Nooria Nodrat: Everything You Need to Know

Nooria Nodrat with her seeing eye dog, Yahoo. (
Nooria Nodrat with her seeing eye dog, Yahoo. (

The Afghanistan invasion and continued terror forced Nooria Nodrat to flee for the U.S. for safety. But after an attack on the train left Nodrat permanently blind and unsure of what to do, she became inspired her to start an organization benefiting blind women and children in Afghanistan.
          “Dwelling in the past only makes people depressed,” Nodrat said. “I am focusing on the future and continuing God’s work in helping others.”
          Nodrat, a  New York City College of Technology (City Tech) graduate, has published a book and has been a guest speaker at a number of events which has awarded her notoriety and accolades from the National Federation of the Blind, the American Council of the Blind and the New York City Chapter of the National Federation of the Blind.

How did you start your foundation?

When I started my organization I did not have any penny in my hand. On the night of a banquet for my documentary New York Noria, I told the audience that I started a non-profit organization and I was asking for donations that night. I raised $1,100 dollars.

Did any person or institution specifically support you in maintaining your foundation?

My college was supportive of my organization. I discussed my plans with the chairperson of Human Services Department at The City University College of Technology, Dr. Justine Pawlukewicz, and she referred me to the president of the college. Then, luckily, one of the board directors worked in a law firm and that’s how the legal process began in having this organization.

How long did the process take in starting your organization?

The process took three months for me. To start the documentation, I paid $850 for paper work to be filed then I paid $150 for application then $85 for the IRS documentation.

There are non-profit organizations who profit from their work. Is that the same with your organizations?

The board directors and myself, we are all volunteers. This organization is a non-profit that means we do not receive any money straight to our pockets. Any donations that we received are for the blind woman and children in Afghanistan. There is no payment here. We just don’t have enough budget.

Is the war in Afghanistan going to affect your goals and what you’re trying to achieve?

In any society, war will have a negative impact and I am sure that it will affect my work but I hope that the United States Army and Afghanistan council can come together and find a solution on the war with the Taliban. I am not concern about my safety, but one of the board directors is accompanying me to Afghanistan so I care for her safety not mine. Our focus is on Kabul and other areas that are not as dangerous as the other cities in Afghanistan.

How do you stay motivated considering what you have been through being blind and all?

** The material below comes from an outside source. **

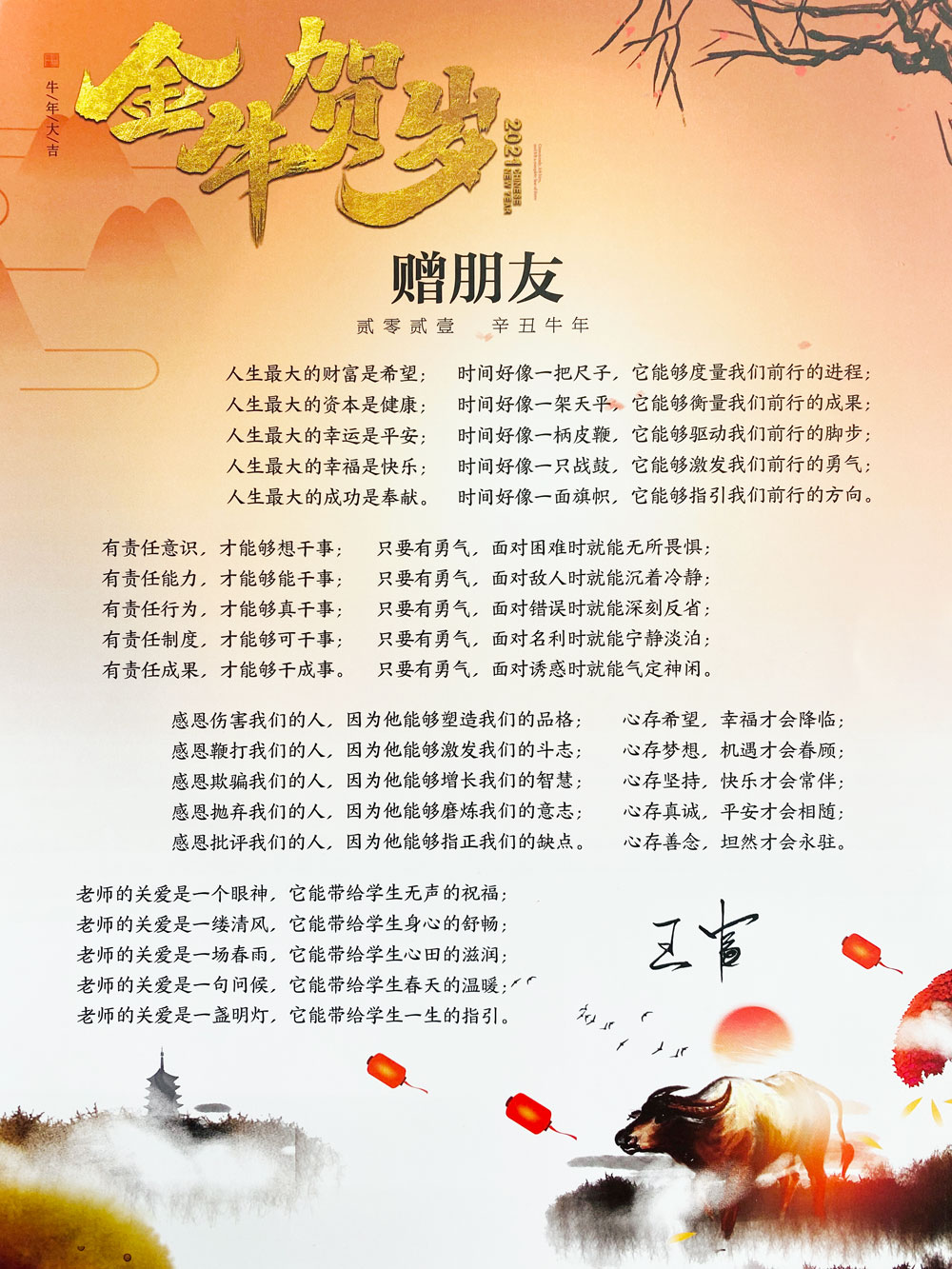 律回春漸,新元肇始。在這辭舊迎新的美好時刻,我謹代表中國教育裝備行業協會,向長期關心、支持教育裝備工作的各級領導、各界友人,向敬業愛崗、努力奮斗的教育裝備戰線全體同仁,向協會全體會員,表示衷心的感謝和誠摯的祝福,祝大家在新的一年里身體健康、工作順利、闔家幸福、萬事如意!

You can’t look back on your life and say that you should have done this or that. I think that having eyesight is one of the most beautiful things on this earth. When I put down my keys for example, I have to pat down everywhere in the house just to find my keys. If someone has eyes, they can just look for it and remember where they put it. Because I cannot see remembering where I put my keys is a bit futile.

In what ways did the death of your brother affected you?

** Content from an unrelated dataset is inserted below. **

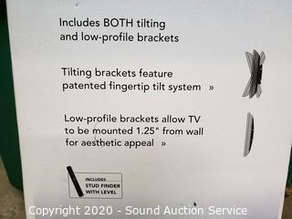 Lot Details: Includes both low profile and tilting brackets for flat panel TVs 32" to 60". In original box. Appears complete. Model SXDP3-B1.
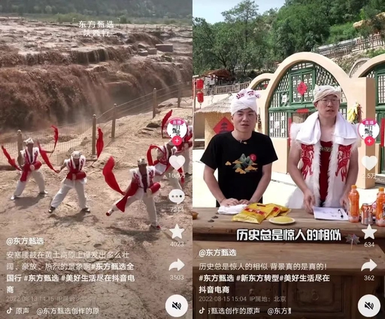 值得一提的是,东方甄选还在直播间里引入非遗文化的现场表演,安塞腰鼓、黄河老腔、当地的特色民俗内容,实现了文化、讲解、销售的三位一体价值,将内容直播发挥到了极致。

Things impact people’s lives positively and negatively. My brother was my motivation. He was a blind individual who helped others and in the process lost his wife. I feel like it is my duty to follow in my brother’s footsteps. I am going to make my brother’s dream a reality and that’s why I created this organization and work tirelessly to help the blind people in my native country.

Since you mentioned your organization, what is your expectation of your blind women and children foundation?

This foundation is a new one. But since I started it in August 2009 we have a web site, we have a logo and have worked with other organizations who offer us grants. I am bringing two women from Afghanistan to America to do surgery on their eyes. My expectation of this organization is to consistently give aid to blind women and children in Afghanistan.

Have you forgiven the girl that attacked you on the train?

Living with my brother gave me the skills to read and write as though I was blind. So the transition was not that difficult. I forgave her. I cannot keep living in the past. I hope that she is doing well and that she has since changed.

How did you learn how to cook and clean after you lost your eyesight?

I was in a program that taught me how to cook and clean but more importantly they taught me how to be normal.

How long have you had your seeing eye dog Yahoo?

It has been 10 years since I’ve  had Yahoo. He will retire at the end of this year. Yahoo is a good dog. He is very helpful even though he did not finish the marathon. I appreciate animals more now than I ever did because now I have to depend on Yahoo for so many things.

You participated in the New York Marathon knowing that you have asthma, what made you sign up for the Marathon?

I like to exercise and prove to myself that I can overcome any challenges that are out there. With my asthma I get short of breath and can’t breathe, that does not stop me from finishing the marathon. I am disappointed that I did not reach my goal but I am happy that I finished the 22 mile. Whenever you are depressed think about homeless people and how they don’t have anything. Don’t think about what you should have done. Think about what you’re going to do.